Clinical and Demographic Characteristics

There were 24 extrapulmonary tuberculosis cases (18 black), 24 pulmonary tuberculosis controls (19 black), and 57 controls (49 black) with latent M. tuberculosis infection. The clinical and demographic characteristics of the study population are in Table 1. There were no significant differences between cases and controls according to age, sex, or race. However, pulmonary controls had lower median body mass index (BMI) at the time of study than either extrapulmonary tuberculosis cases or controls with latent M. tuberculosis infection. Extrapulmonary tuberculosis cases had lower median CD4+ lymphocytes at time of study than controls. The sites of disease among extrapulmonary cases included lymphatic (n = 9), pleural (n = 4), bone/joint (n = 4), pericardial (n = 2), genito-urinary (n = 2), miliary/meningeal (n = 1), gastrointestinal (n = 1), and laryngeal (n = 1).

Table 1 Clinical and Demographic Characteristics of the Study Population

SNPs Associated with Tuberculosis in Previous Studies

Of the 27 SNPs and 3 microsatellites previously reported in the literature as being associated with tuberculosis (Table 2), 25 SNPs and all 3 microsatellites were assessed by PCR-based SNP genotyping. The IL-1β -511 (C→T) and vitamin D receptor (VDR) Bsm1 SNPs were on the GeneChip® Human Mapping 50K Xba Array. Of the 30 polymorphisms tested, 5 SNPs (rs 17235416, rs1800450, rs5743708, rs6265786, rs2393799) were unable to be genotyped after quality control and were therefore excluded. Only markers with < 10% missing data were considered for analysis. No imputation of missing values was performed. For univariate analyses, missing values were removed for analysis; for the MDR analysis, missing observations were ignored, such that attribute construction and accuracy calculations were only performed based on observed values.

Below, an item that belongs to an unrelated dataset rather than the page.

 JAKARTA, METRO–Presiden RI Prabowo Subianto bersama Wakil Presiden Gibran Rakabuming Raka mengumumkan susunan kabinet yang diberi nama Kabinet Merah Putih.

Table 2 Polymorphisms Tested that had Previously Been Reported as Associated with Tuberculosis

In single locus association testing of each polymorphism among all study participants, the IL-1β +3953 (C→T) SNP was associated with any tuberculosis (P = 0.044) and extrapulmonary tuberculosis (P = 0.049) compared to PPD+ controls (Table 3). Among black patients, the Fok1 SNP in the VDR gene was associated with extrapulmonary tuberculosis compared to pulmonary tuberculosis controls (P = 0.018).

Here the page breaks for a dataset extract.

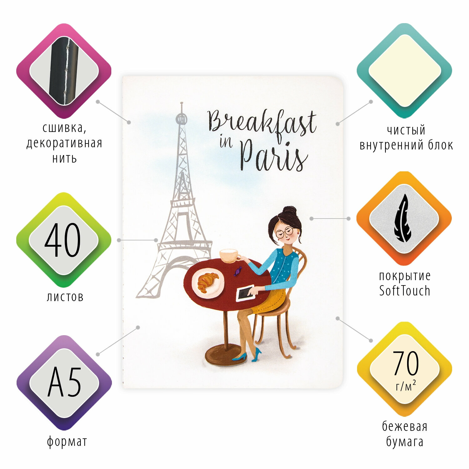 Отзывы на Тетрадь-скетчбук 40 л. обложка SoftTouch, бежевая бумага 70 г/м2, сшивка, А5 (147х210 мм), CHARM, BRAUBERG, 403804

Table 3 Of the Polymorphisms Tested that had Previously Been Reported as Associated with Tuberculosis (Table 2), the SNPs Associated with Tuberculosis in this Study

In MDR analysis of the 25 polymorphisms among all study participants, the microsatellite in TLR2 (GT) had 61% prediction accuracy for any tuberculosis compared to controls with M. tuberculosis infection (P = 0.038) (Table 3). It also had 63% prediction accuracy for any tuberculosis in blacks (P = 0.047) and 76% prediction accuracy for extrapulmonary tuberculosis in blacks (P = 0.002). Results did not change when the analysis included CD4+ lymphocytes and BMI as potential covariates (results not shown).

SNPs in Candidate Genes

There were 661 SNPs in genes presumed to be associated with tuberculosis pathogenesis (Table 4), of which 613 (93%) had genotyping efficiency > 90% (i.e., < 10% missing data) and were included in the analysis. In the MDR analysis of these 613 SNPs, an intronic SNP in TNF-α (C→T) (rs1811063) predicted tuberculosis with 62% accuracy among all patients (P = 0.05; Table 5). The combination of two SNPs in TLR4 (C→T) (rs1399431) and TNF-α (C→T) (rs7791836) predicted tuberculosis risk with 71% accuracy in blacks (P = 0.02). Results did not change when the analysis included CD4+ lymphocytes and BMI as potential covariates (results not shown). There were no SNPs associated with extrapulmonary tuberculosis compared to controls.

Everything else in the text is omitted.